Source data |
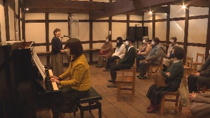 こども本の森遠野で今週(16日・日曜日)、定例のイベント、ミニツアー&シアターが開催されました。このイベントは、こども本の森遠野がオープンして以来毎月開催されていて、今月は市内に住む山本惠子さんと、ピアニストの名須川明子さんによる歌と演奏が披露されました。山本さんは、遠野小学校の全校表現活動の歌唱指導を20年行っていて、この日はその基となった「歌物語遠野物語」の一部を、歌と朗読そしてピアノで表現しました。集まった人たちは、美しい歌声と演奏につつまれ、心地よい時間を過ごしていた様子でした。最後に、ロシアの音楽院を卒業している名須川さんがロシアの歌を披露すると、会場からは大きな拍手が送られていました。なお来週29日・土曜日は、未就学前の親子を対象に豆まき会が予定されている他、2月も多くのイベントを企画しているということです。詳しくは、こども本の森遠野までお願いします。
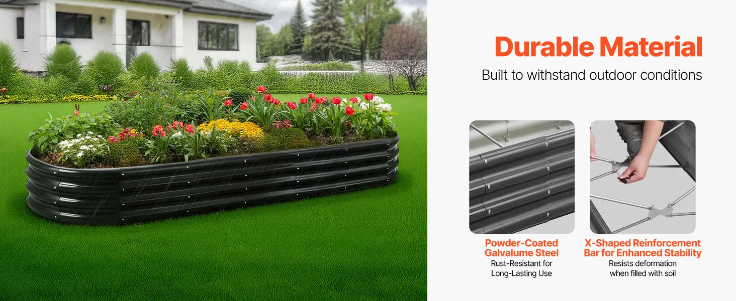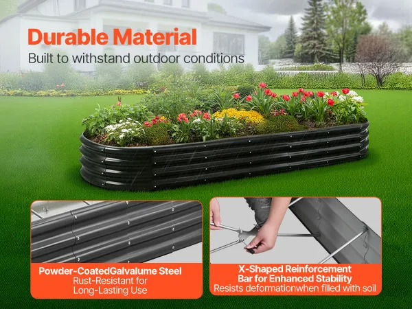 Robusto e affidabile: realizzato con pannelli zincati a polvere antiruggine da 0,4 mm, letto da giardino rialzato in metallo è robusto e costruito per durare. Le 12 barre interne a forma di X aggiungono stabilità per un uso esterno a lungo termine
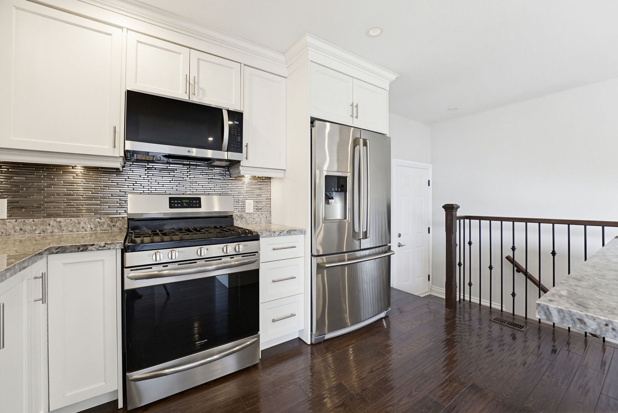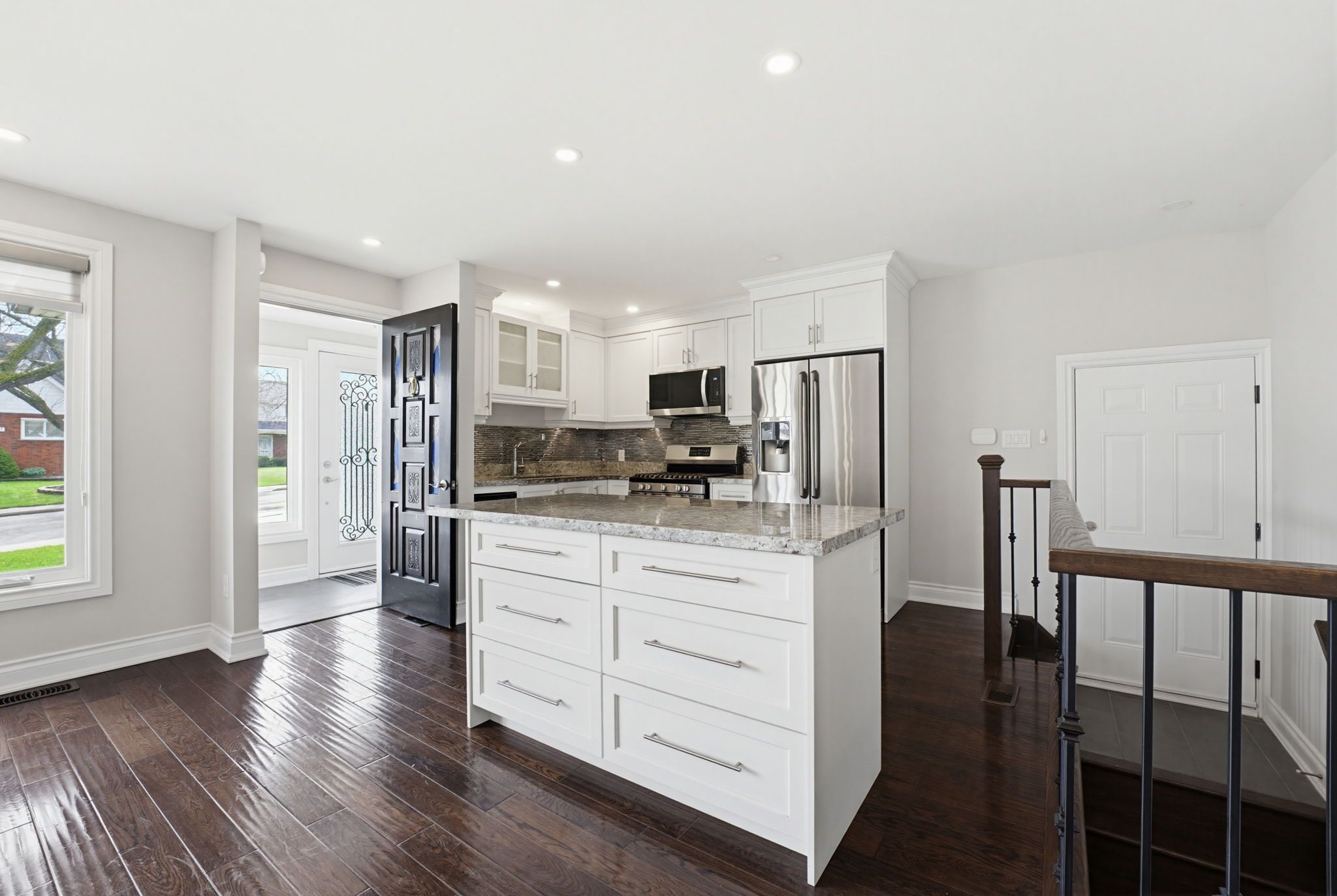 • Granite countertops and ample space in the kitchen.

Problem to solve |
Could you write out exactly the lines running from the one with "Robusto e affidabile: realizzato" through the last line of the data above, both ends kept, and omit any picture?

Reply to the exercise |
 Robusto e affidabile: realizzato con pannelli zincati a polvere antiruggine da 0,4 mm, letto da giardino rialzato in metallo è robusto e costruito per durare. Le 12 barre interne a forma di X aggiungono stabilità per un uso esterno a lungo termine
 • Granite countertops and ample space in the kitchen.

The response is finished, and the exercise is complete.